Salty, trembling, wide-eyed, ripping off the wet dress Jordan had made him wear, watched from heavy brush back along the stream bank. The horse he had trained to lie down in the ford and act lame—he had a way with animals as so many retarded folk did—came up and nudged him. He dropped the dress and stood there in his own clothes, ragged and patched, coll
arless shirt, frayed suspenders and skimpy trousers. He absently stroked the animal’s muzzle, automatically reached into his shirt pocket for some sugar and held out the handful of grains which the horse nuzzled eagerly. But Salty didn’t take his eyes off the ford where the outlaws were gathered around the wagon and the driver.

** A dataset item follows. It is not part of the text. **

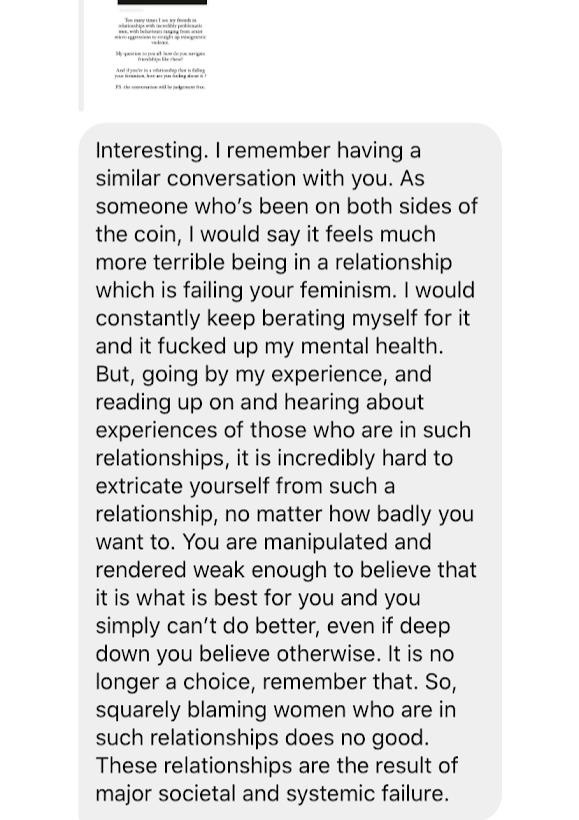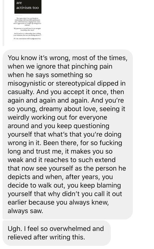 “Am I feminist enough if I tolerate casual misogyny and sexism from my significant other? Am I a pseudo feminist for not being stronger and leaving the person who I disagree with? Or am I simply thinking too much and does it not matter at all?”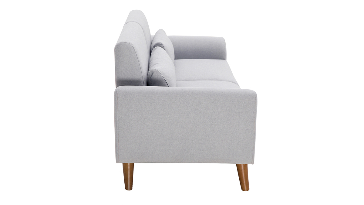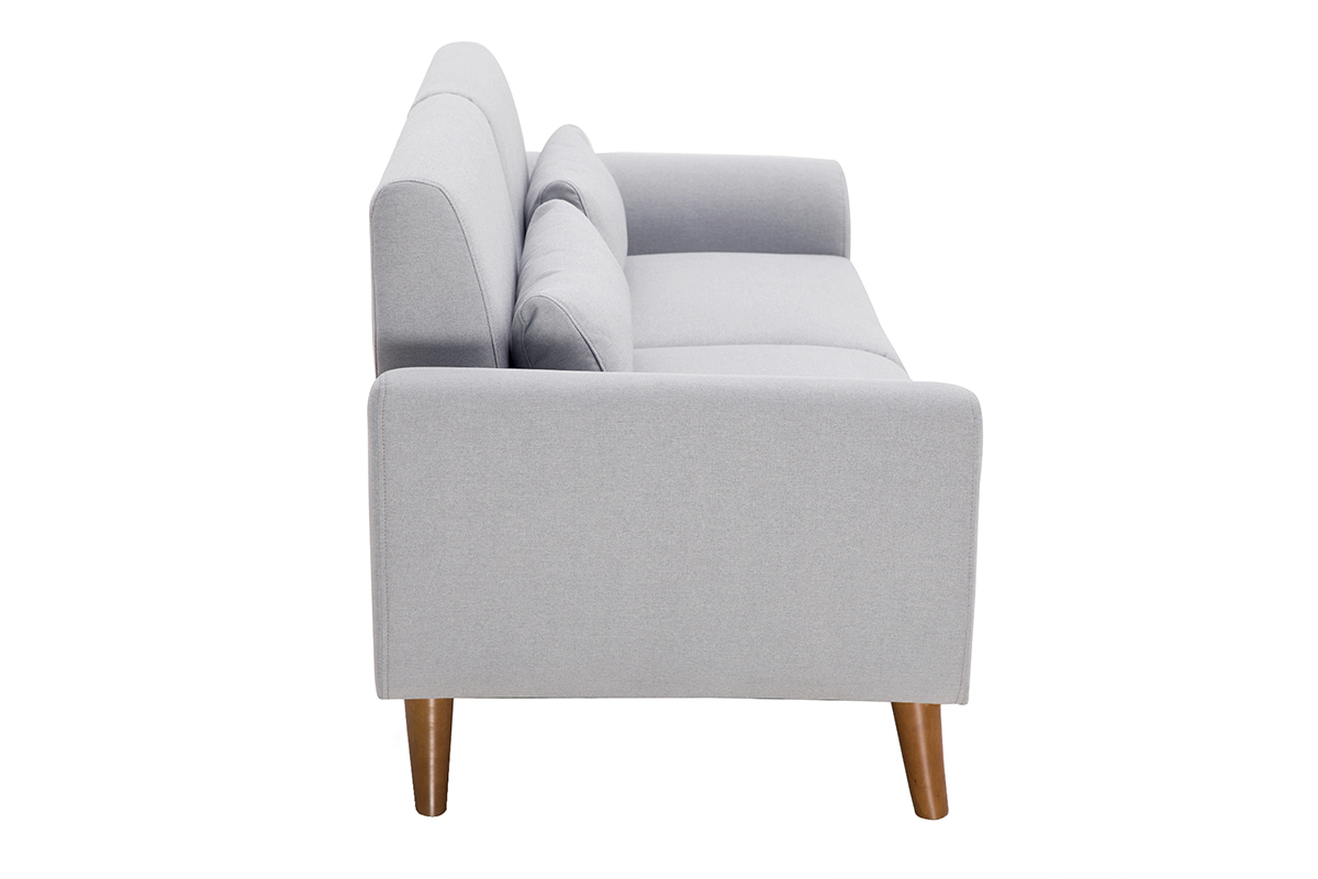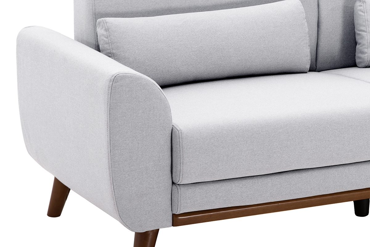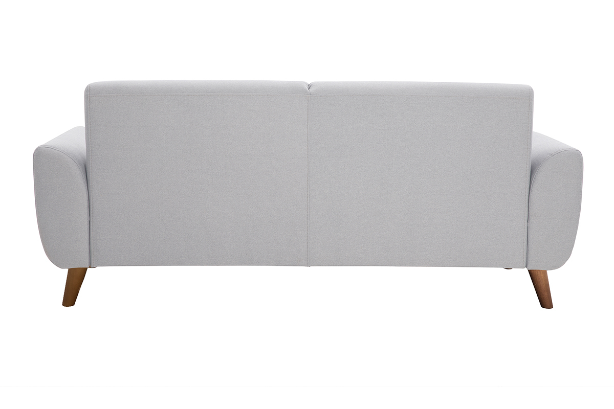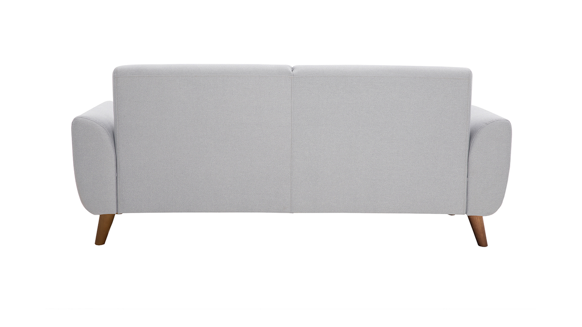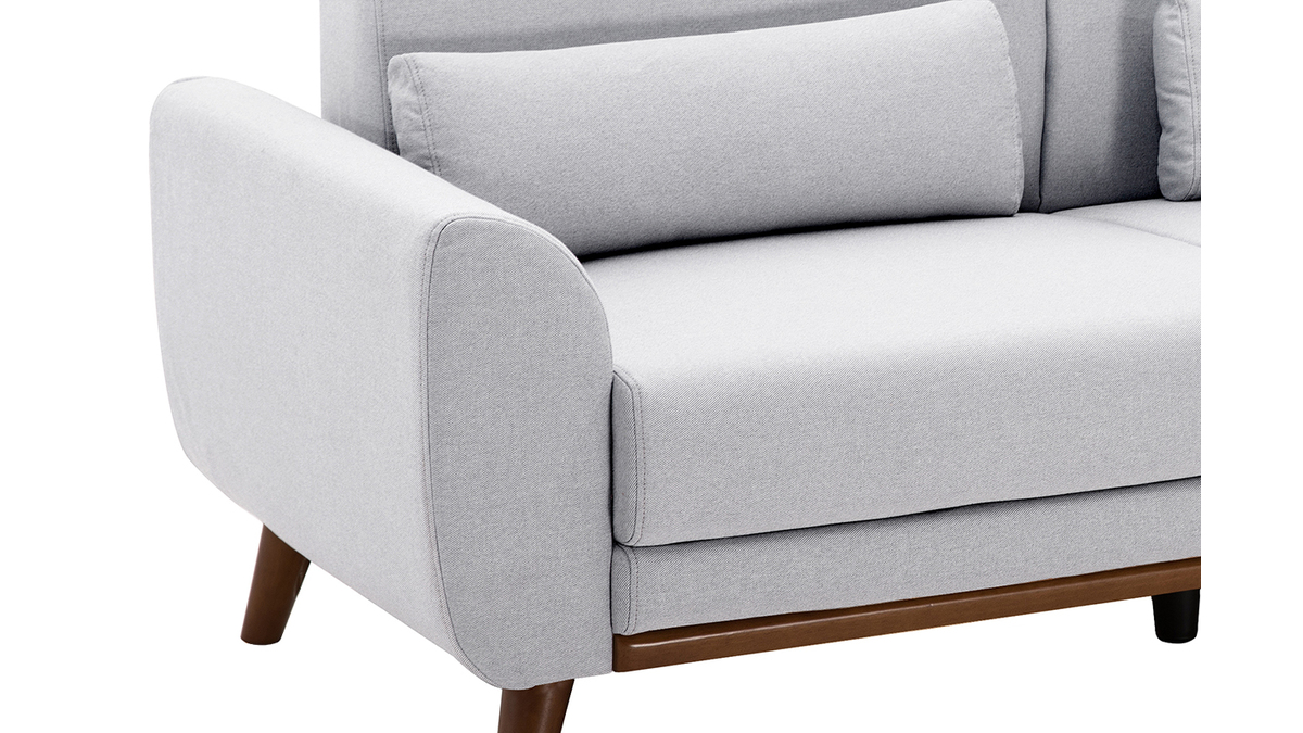 Canapé tendance au style inimitable, on souligne l'élégante alliance du revêtement tissu gris, des lignes arrondies et d'un piètement en hévéa massif teinté noyer.

His heart was hammering in his ribs and he felt sick. He hadn’t known anyone was going to be killed. Jordan had told him they just wanted to stop the wagon. He hadn’t said why and he sure as hell hadn’t said anything about shooting.
Salty crouched there, stroking the horse’s neck, watching ...
“Where is it?” Mace Jordan growled at the driver, looking down at him with bleak eyes, water dripping from his face and the brim of his campaign hat.
“Where’s—what?” stammered the soaked and bleeding driver.
Jordan freed a boot from stirrup and kicked the man in the face, the leather skidding along his jaw and sending him floundering in the shallows. The driver crouched there, looking up fearfully at the four gun muzzles pointing at him.
“Look ... I dunno what you’re after,” he gasped. “Just me an’ my pards movin’ from Albany to take up homestead land outside of Longbow. We ain’t got much. You had no call to kill anyone. No damn call!”
Jordan’s facial expression didn’t change. The gun in his hand blasted suddenly and the driver was kicked violently by striking lead. His body jerked and flailed and water sprayed. He lay there on his back in the shallows, groaning, blood from the wound in his shattered right shoulder clouding the water.
“That’s only a start,” Jordan said matter-of-factly. “You got another shoulder yet, two hands, two elbow joints, couple of knees, a belly, two ears ... Aw, man, I can make a real mess of you. An’ I damn sure will less you show some sense.”
Jordan lifted his rifle again and the driver raked his pain filled eyes around at the other killers, knowing he didn’t have a prayer. He lifted his left hand out of the water.